Malignant is a 2021 American horror film directed by James Wan from a screenplay by Akela Cooper, based on a story by Wan, Ingrid Bisu, and Cooper. The film stars Annabelle Wallis as a woman who begins to have visions of people being murdered, only to realize the events are happening in real life. Maddie Hasson, George Young, Michole Briana White, and Jacqueline McKenzie also star.

Malignant was theatrically released in the United States on September 10, 2021, by Warner Bros. Pictures and was also available to stream on HBO Max. The film grossed $34million against a budget of $40million and received mostly positive reviews from critics.

Plot
In 1993, Dr. Florence Weaver and her colleagues Victor Fields and John Gregory treat a violent, disturbed patient named Gabriel at Simion Research Hospital who is able to control electricity and broadcast his thoughts via speakers. After Gabriel kills several staff members, Dr. Weaver determines that he is a lost cause and the "cancer" must be removed.

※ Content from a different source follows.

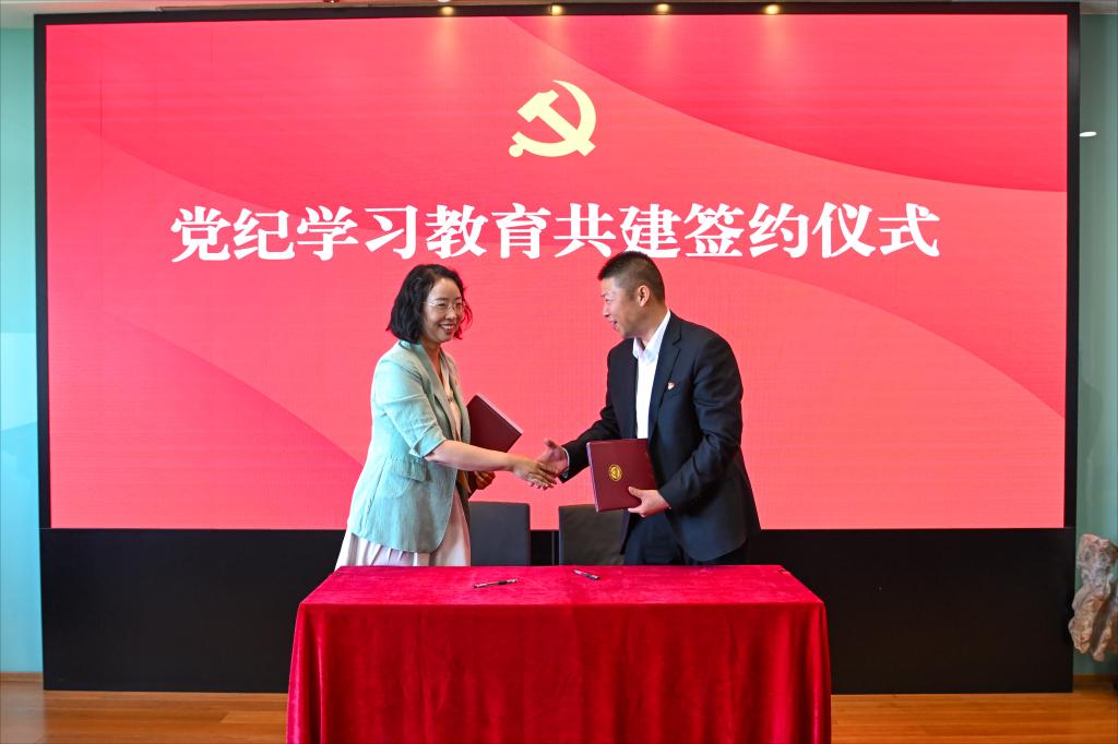 党委书记傅莉莉分别代表双方单位签署党纪学习教育共建协议,并发布联合读书班课表。为进一步加强交流、互为借鉴,双方介绍各自党纪学习教育工作安排。冯志超介绍经开区纪工委党纪学习教育的基本情况和主要成效,对校地共建开展学习教育的路径、载体、成果等方面提出展望。傅莉莉以《原原本本学党纪,拒腐防变促发展》为题介绍爱一帆

27 years later, Madison Lake-Mitchell, a pregnant woman living in Seattle, returns home to her abusive husband, Derek. During an argument about her multiple previous miscarriages, Derek smashes Madison's head against a wall, causing her to bleed at the point of impact. After locking herself in her room, she had a nightmare of a person entering their house and killing Derek. To Madison's horror, the killer attacks her shortly after seeing Derek's corpse, knocking her unconscious.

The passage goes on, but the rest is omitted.